The solution is to take advantage of basic IOstream functionalities. You may know that the extractor operator >> will extract words from an stream (like std::cin or any other stream) until it hits the next white space.
So reading words is simple:
std::string word{}; std::cin >> word;
will read a complete word from std::cin.
OK, we have a std::string and no stream. But here C++ helps you with the std::istringstream. This will convert a std::string to a stream object. You can then use all iostream functionalities with this stringstream.
Then, for counting elements, following a special requirement, we have a standard algorithm from the C++ library: std::count_if.

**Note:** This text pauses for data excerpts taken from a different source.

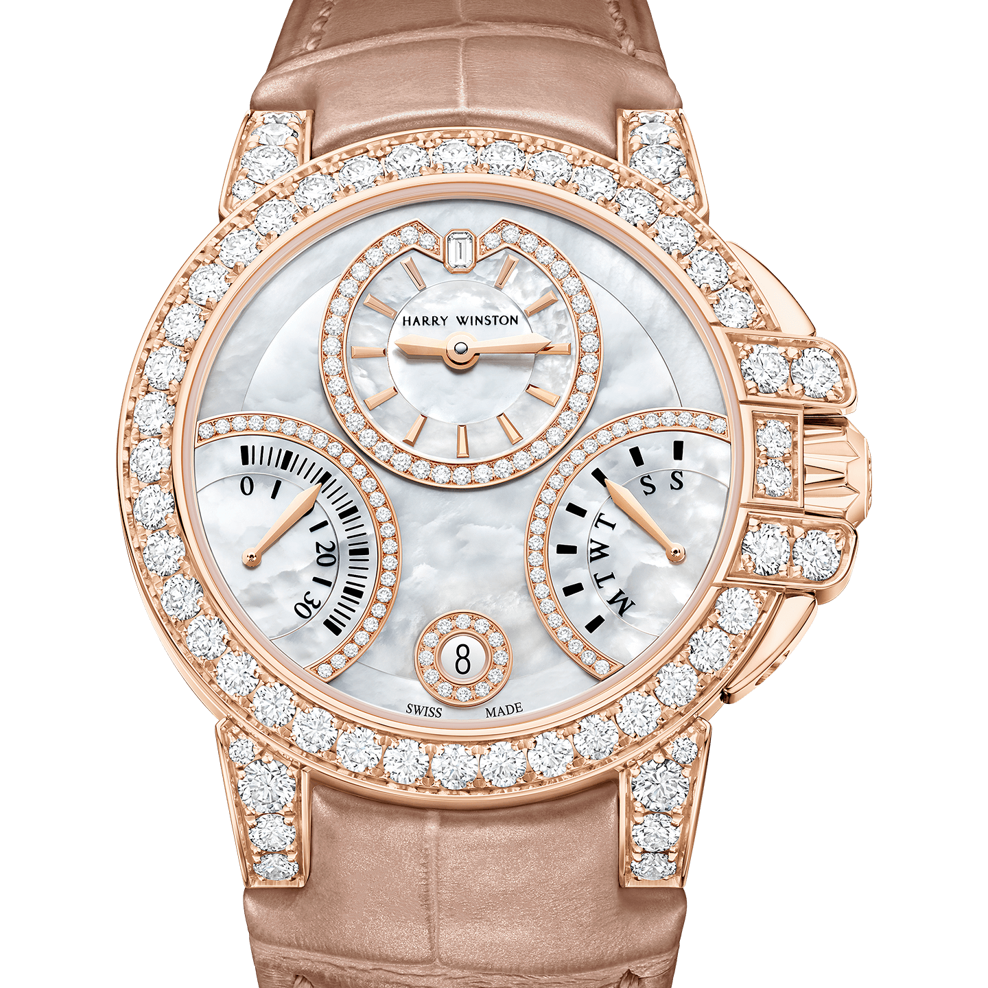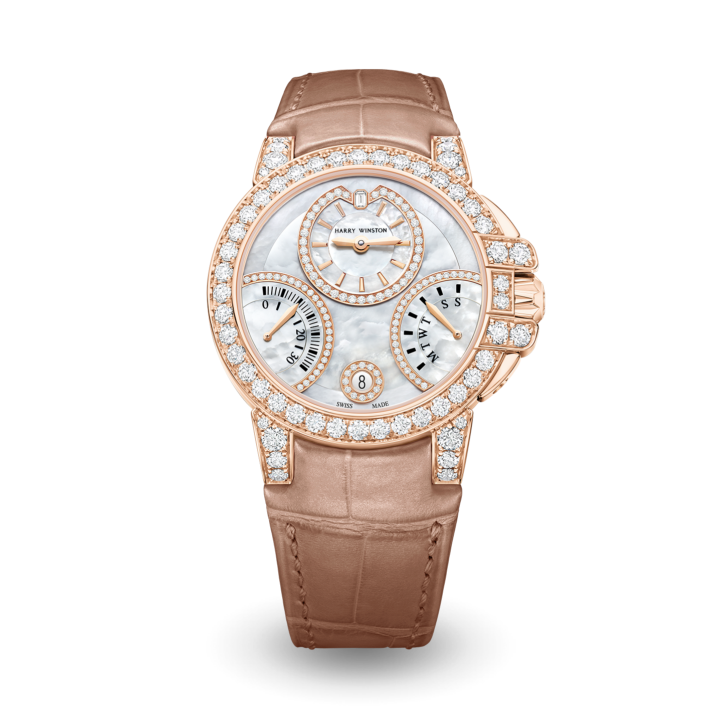 Harry Winston’s Ocean timepiece collection welcomes a white Biretrograde model into the sporty yet elegant series. Mother-of-pearl dial mingle with round brilliant diamonds in an 18-karat gold case. A winning combination of resilience, sophistication and impressive retrograde complications, this iteration is the essence of versatility.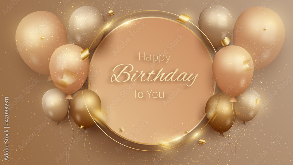 Autocolante Happy birthday card with luxury balloons and ribbon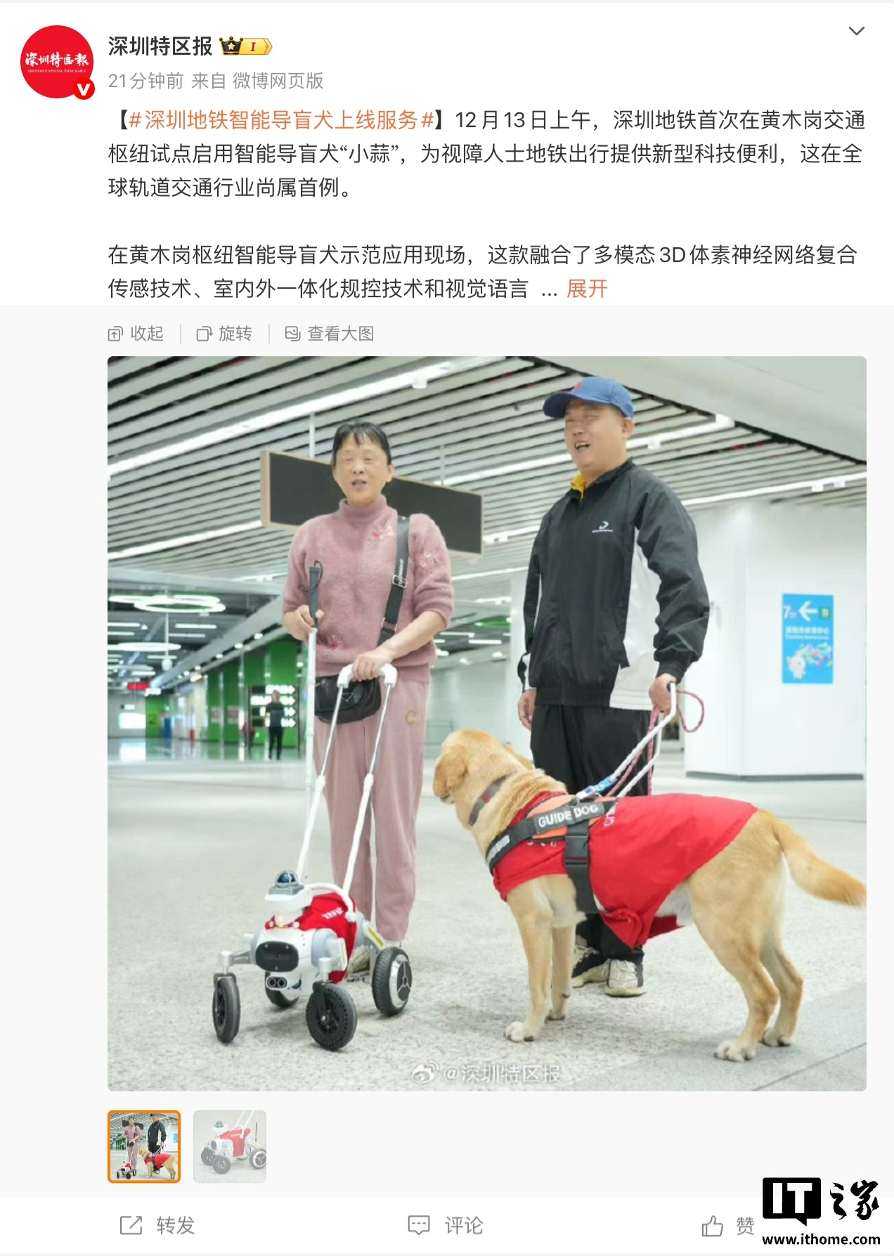 IT之家 12 月 13 日消息,据《深圳特区报》报道,深圳地铁今天首次在黄木岗交通枢纽试点启用智能导盲犬“小蒜”,为视障人士地铁出行提供新型科技便利。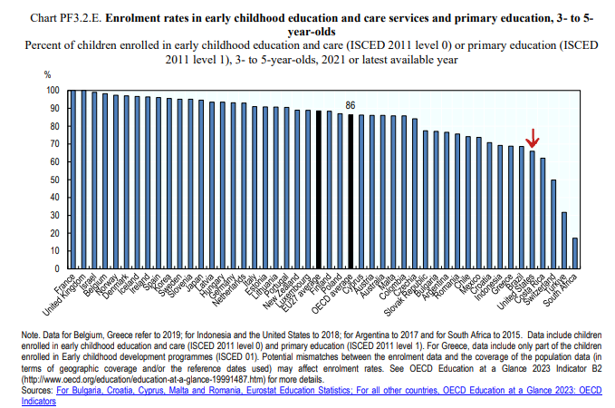 Japan is known for its near 100% enrollment rate of 4-year-olds. Japan also routinely ranks in the top 5 for the three subjects tracked in OECD’s student assessment called PISA: math, science, and reading. The UK has a 97% enrollment rate for 4-year-olds. Mexico has an 81% rate. Then there are nations like France, Norway, and Italy, which even have a 90% enrollment rate for 3-year-olds in preschool.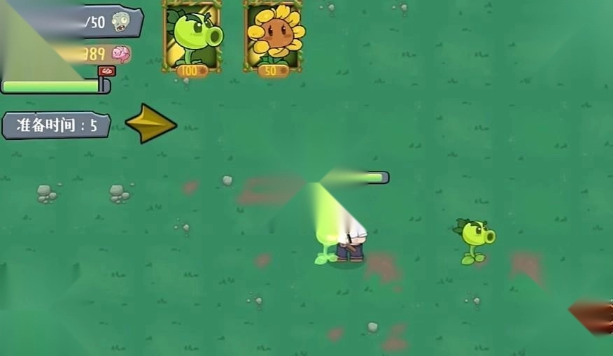 5、每一波来袭之前,都会有一小段准备时间,戴夫可以利用这段时间种植植物。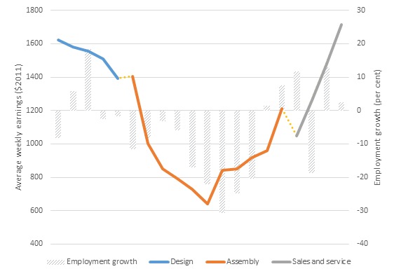 Along the bottom are occupations employed in the manufacturing industry – they relate to design, production and sales. The vertical is their average earnings.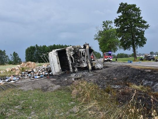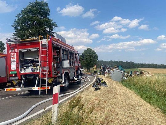 Do groźnego wypadku doszło w poniedziałek, po godzinie 13:00, na drodze wojewódzkiej nr 811 w miejscowości Hrud. Jak wynika ze wstępnych ustaleń policjantów, 66-letni kierowca jeepa z nieustalonych przyczyn zjechał na przeciwległy pas ruchu i zderzył się z ciężarową scanią, którą prowadził 24-latek. W wyniku zderzenia ciężarówka przewróciła się i stanęła w ogniu.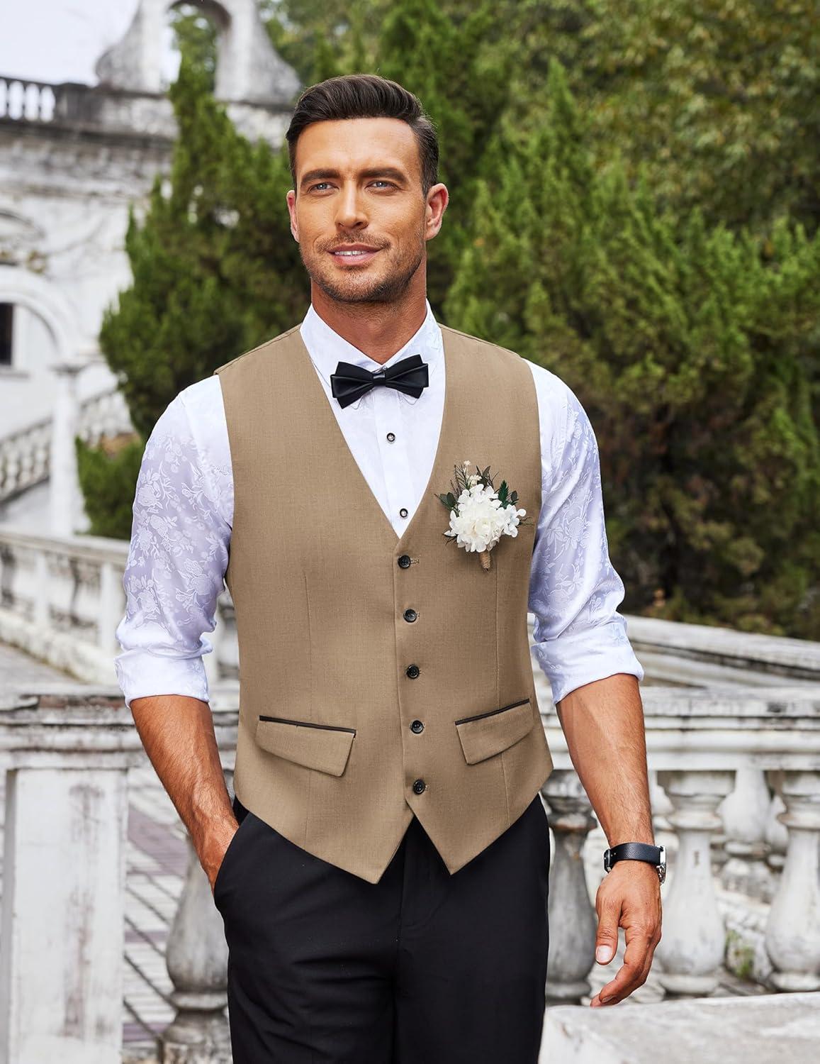 COOFANDY Men's Business Suit Vest Slim Fit Dress Vest Wedding Waistcoat(Khaki)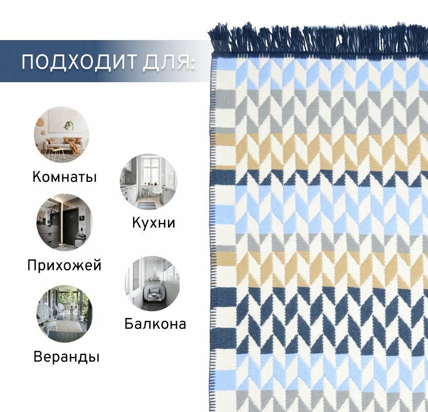 Ковер безворсовый на пол турецкий Килим, 80х150, бежевый, синий

It expects a begin and an end iterator. And here we simply using the std::istream_iterator which will call the extractor operator >> for all strings that are in the stream.
WIth a Lambda, given to the std::count_if, we check, if a word meets the required condition.
We will get then a very compact piece of code.
#include <iostream>
#include <sstream>
#include <string>
#include <algorithm>
#include <iterator>
int main() {
// test string
std::string testString{ "day fyyyz" };
// We want to extract words from the string, so, convert string to stream.
std::istringstream iss{ testString };
// count words, meeting a special condition
std::cout << std::count_if(std::istream_iterator<std::string>(iss), {},
[](const std::string& s) { return s.back() == 'y' || s.back() == 'z'; });
return 0;
}
Of course there are tons of other possible solutions.
Edit
Pete Becker asked for a more flexible solution. Also here C++ offers a dedicated functionality. The std::sregex_token_iterator.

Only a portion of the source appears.